### Your assignment
All of the entries need to be printed again exactly; pictures are the only thing to omit.

Top of Data provided

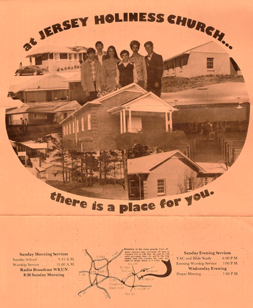 Under a tent, back in 1910, the first Holiness meeting in Walton County was held in Monroe, Georgia. The Oak Grove Fire-Baptized Holiness Church (present day Jersey Holiness Church) was organized in the home of Hamp Brooks in August of 1910.
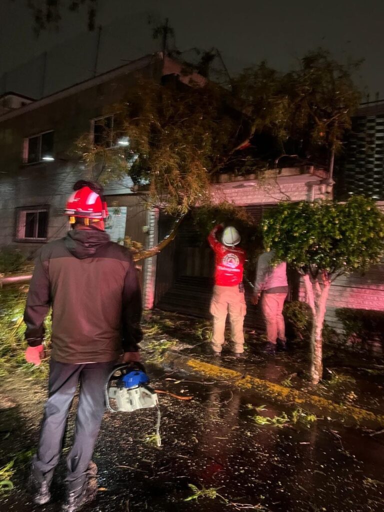 Este martes, la Dirección de Sustentabilidad Ambiental continúa con el retiro de árboles caídos por el reblandecimiento del suelo y realiza inspecciones preventivas para derribar ejemplares en riesgo, además de recolectar residuos verdes. Por su parte, la Comisaría General de Proximidad y Seguridad Ciudadana auxilió en 27 puntos afectados, como Jardines de Santa Mónica, San Lucas Tepetlacalco, La Loma, Valle Dorado, entre otros.
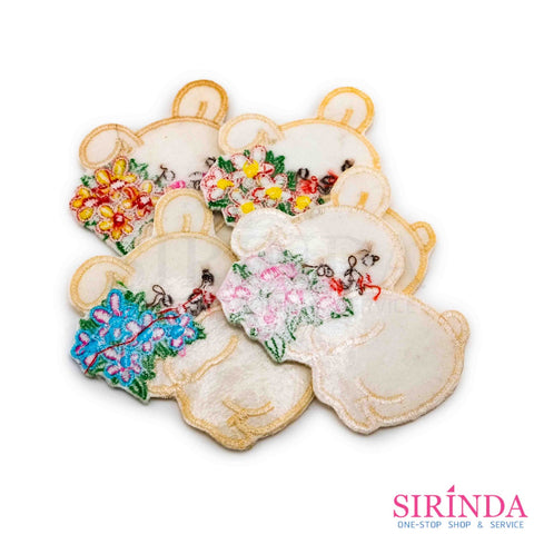 ตัวรีดการ์ตูนหมีอุ้มช่อดอกไม้ ตัวรีดติดเสื้อ อาร์มปักตกแต่ง DIY EMBROIDERY PATCH
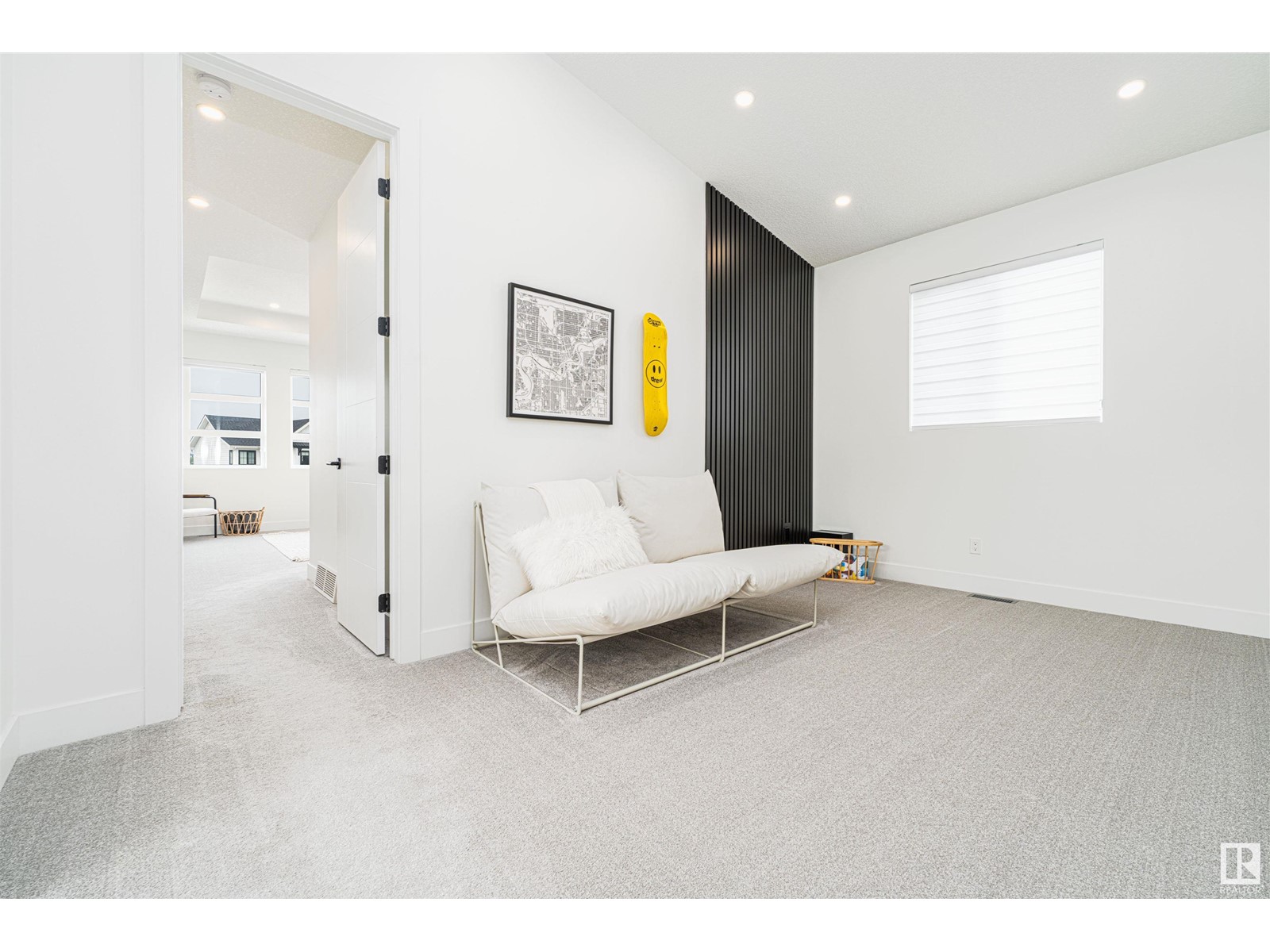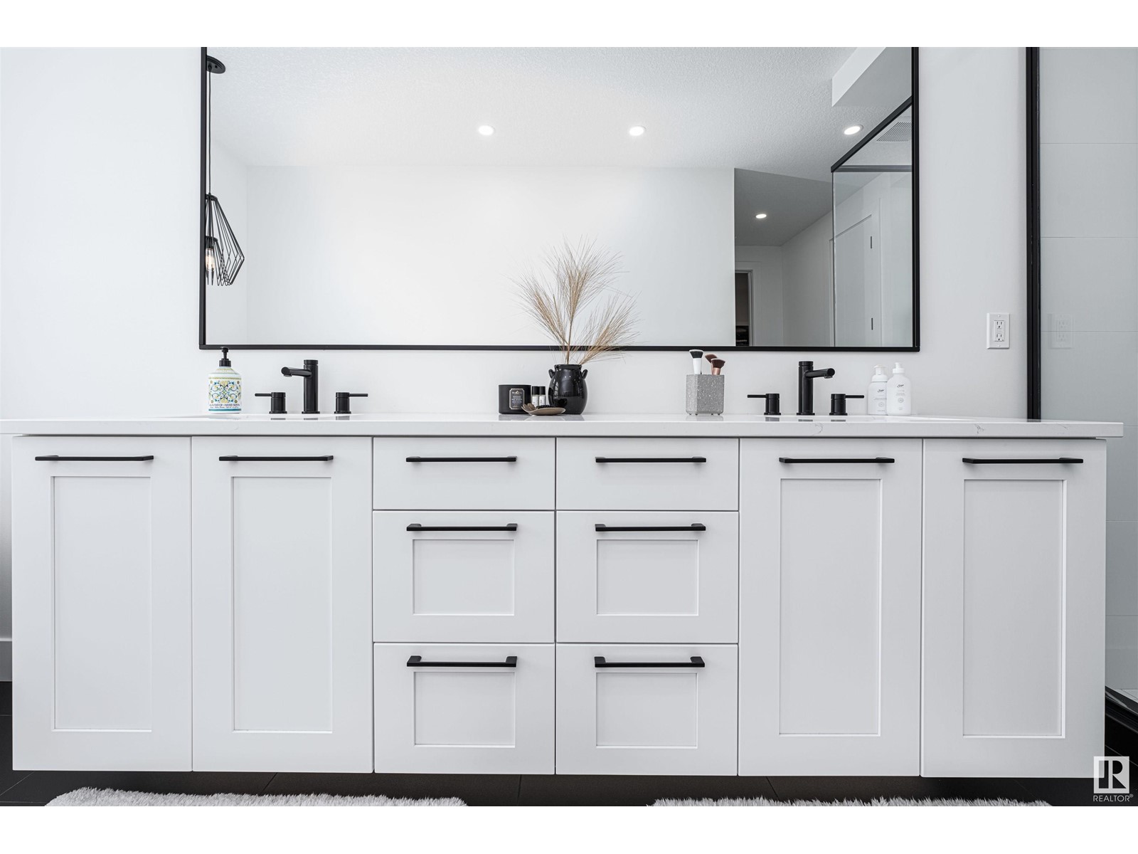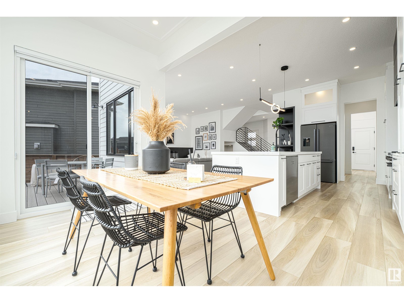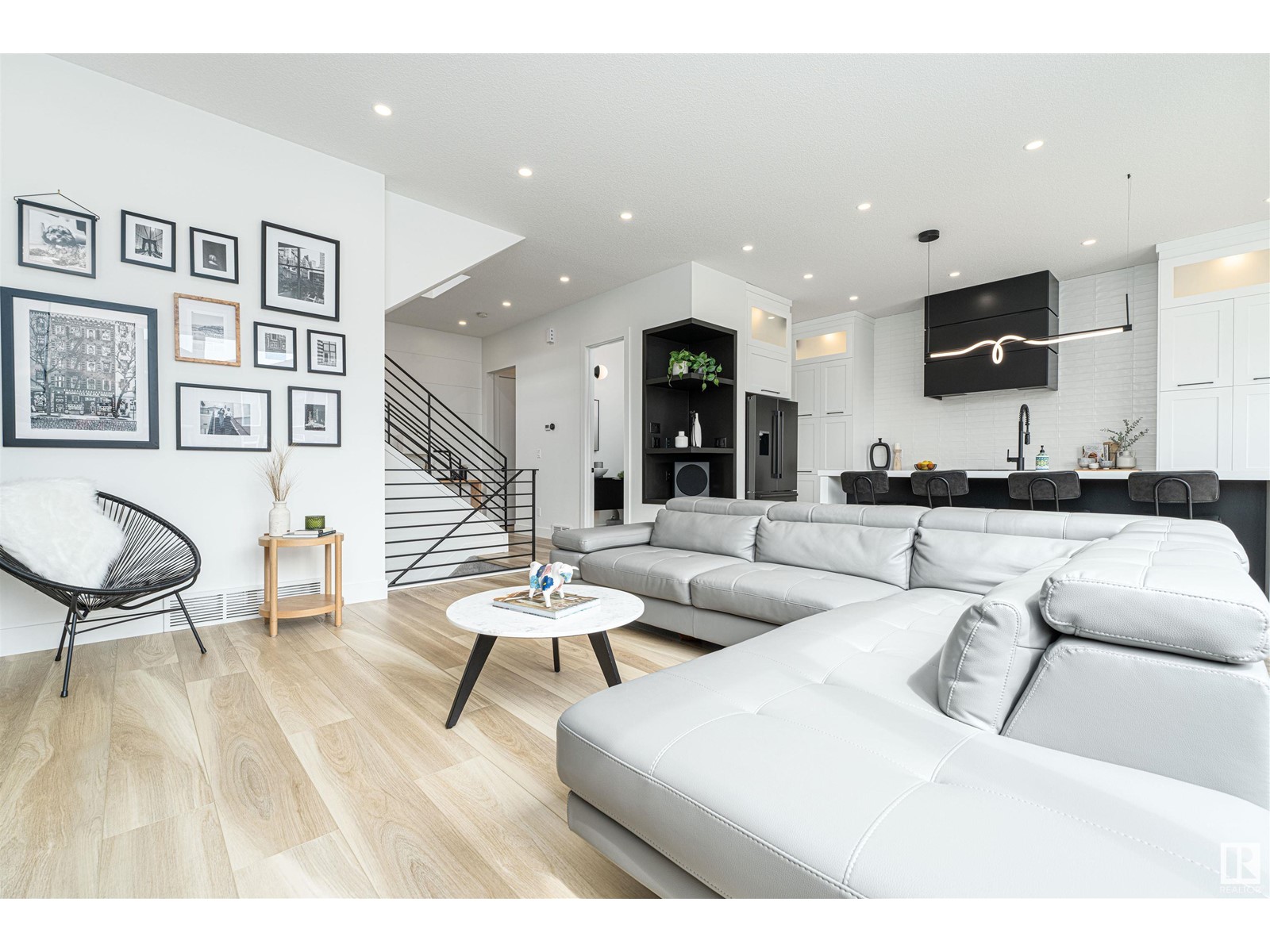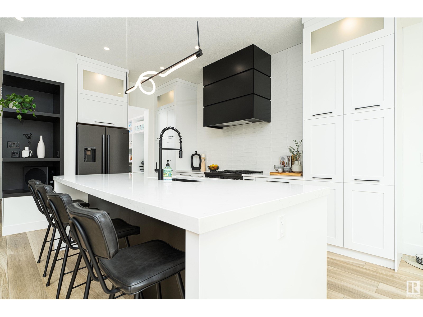 Step inside your new dream home. This 2503 SF custom-built home sits in a private quiet crescent located in the heart of Riverside St. Albert. Boasting an oversized heated triple car garage with upgraded finished concrete floor, a large backyard with complete landscaping and a maintenance free deck. Featuring: 10-foot main floor ceilings and 9-foot-vaulted second floor, wide vinyl plank flooring, pet friendly carpet underlay, feature walls with LED accent lighting, oversized linear fireplace, walk through pantry, quartz countertops, luxury Bosch appliances with a 36-inch gas range. As well as, custom cabinetry, shelving and closets, his and hers walk-in closets, modern iron railings, smart control home and A/C. This home has it all. The modern finishes and design are truly timeless. Immerse yourself in acres of lush forest, numerous walking trails, nearby amenities, and the beauty of Big Lake and Lois Hole Provincial Park, all within steps of this stunning home. (id:22211)
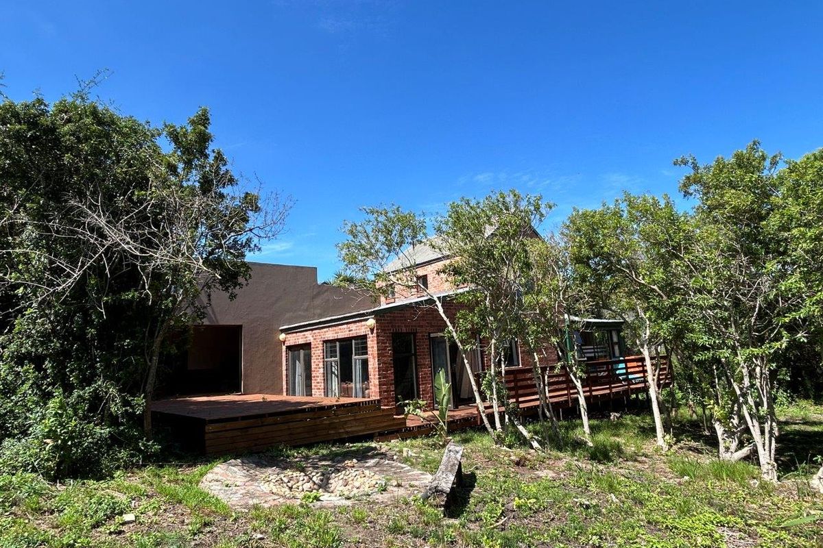 Live coastal tranquillity in Jeffreys Bay — minutes from famous surf breaks and shops, with a covered patio and indoor braai overlooking tranquil kloof forest; four bedrooms, three baths.
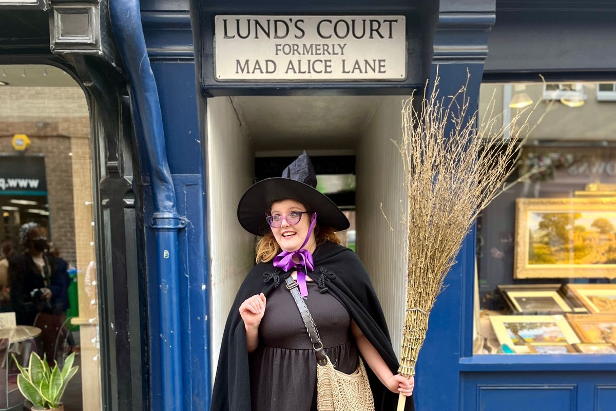 Meet your witch at the street sign "Whip-Ma-Whop-Ma-Gate"
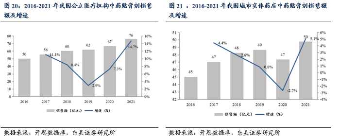 中国外用贴膏市场规模上百亿,传统中药贴膏占据主导,化药贴膏增长快、份额快速提升。根据米内网数据,2021年外用贴膏剂的市场销售规模约180亿元,同比增长17.81%。其中,中成药贴膏剂占比超70%,化学药贴膏剂占比不到30%。但化学药贴膏增长迅速,在医院端、零售端的同比增速分别为40.66%、22.85%, 而中成药贴膏在医院端、零售端的同比增速分别为14.67%、6.60%。传统中成药贴膏存在载药量低、药理不明、副作用大等问题,随着凝胶贴膏新型制剂上市,化药贴膏市场将保持快速增长。
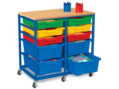 Our mobile organizer really stores it all—and it’s a cinch to move anywhere in the classroom! The durable metal center features 5 rows of removable plastic trays in 2 different sizes, plus 6 locking casters that make it easy to set up the center in just the right spot—then roll it out of the way! Assembly required.
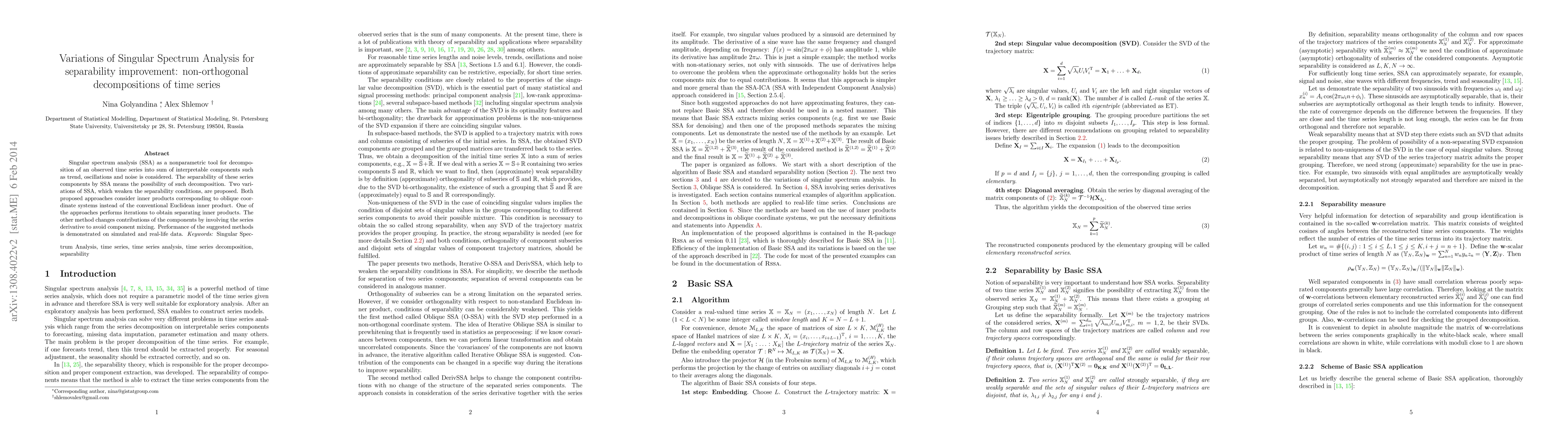 This paper proposes two variations of singular spectrum analysis (SSA) to improve the separability of time series components. Both methods use non-orthogonal decompositions and either iterative processes or series derivatives to avoid component mixing, enhancing the interpretability of SSA-derived components. The effectiveness of these approaches is validated through simulated and real-world data.

Bottom of Data provided

### Task solution
 Under a tent, back in 1910, the first Holiness meeting in Walton County was held in Monroe, Georgia. The Oak Grove Fire-Baptized Holiness Church (present day Jersey Holiness Church) was organized in the home of Hamp Brooks in August of 1910.
 Este martes, la Dirección de Sustentabilidad Ambiental continúa con el retiro de árboles caídos por el reblandecimiento del suelo y realiza inspecciones preventivas para derribar ejemplares en riesgo, además de recolectar residuos verdes. Por su parte, la Comisaría General de Proximidad y Seguridad Ciudadana auxilió en 27 puntos afectados, como Jardines de Santa Mónica, San Lucas Tepetlacalco, La Loma, Valle Dorado, entre otros.
 ตัวรีดการ์ตูนหมีอุ้มช่อดอกไม้ ตัวรีดติดเสื้อ อาร์มปักตกแต่ง DIY EMBROIDERY PATCH
 Step inside your new dream home. This 2503 SF custom-built home sits in a private quiet crescent located in the heart of Riverside St. Albert. Boasting an oversized heated triple car garage with upgraded finished concrete floor, a large backyard with complete landscaping and a maintenance free deck. Featuring: 10-foot main floor ceilings and 9-foot-vaulted second floor, wide vinyl plank flooring, pet friendly carpet underlay, feature walls with LED accent lighting, oversized linear fireplace, walk through pantry, quartz countertops, luxury Bosch appliances with a 36-inch gas range. As well as, custom cabinetry, shelving and closets, his and hers walk-in closets, modern iron railings, smart control home and A/C. This home has it all. The modern finishes and design are truly timeless. Immerse yourself in acres of lush forest, numerous walking trails, nearby amenities, and the beauty of Big Lake and Lois Hole Provincial Park, all within steps of this stunning home. (id:22211)
 Live coastal tranquillity in Jeffreys Bay — minutes from famous surf breaks and shops, with a covered patio and indoor braai overlooking tranquil kloof forest; four bedrooms, three baths.
 Meet your witch at the street sign "Whip-Ma-Whop-Ma-Gate"
 中国外用贴膏市场规模上百亿,传统中药贴膏占据主导,化药贴膏增长快、份额快速提升。根据米内网数据,2021年外用贴膏剂的市场销售规模约180亿元,同比增长17.81%。其中,中成药贴膏剂占比超70%,化学药贴膏剂占比不到30%。但化学药贴膏增长迅速,在医院端、零售端的同比增速分别为40.66%、22.85%, 而中成药贴膏在医院端、零售端的同比增速分别为14.67%、6.60%。传统中成药贴膏存在载药量低、药理不明、副作用大等问题,随着凝胶贴膏新型制剂上市,化药贴膏市场将保持快速增长。
 Our mobile organizer really stores it all—and it’s a cinch to move anywhere in the classroom! The durable metal center features 5 rows of removable plastic trays in 2 different sizes, plus 6 locking casters that make it easy to set up the center in just the right spot—then roll it out of the way! Assembly required.
 This paper proposes two variations of singular spectrum analysis (SSA) to improve the separability of time series components. Both methods use non-orthogonal decompositions and either iterative processes or series derivatives to avoid component mixing, enhancing the interpretability of SSA-derived components. The effectiveness of these approaches is validated through simulated and real-world data.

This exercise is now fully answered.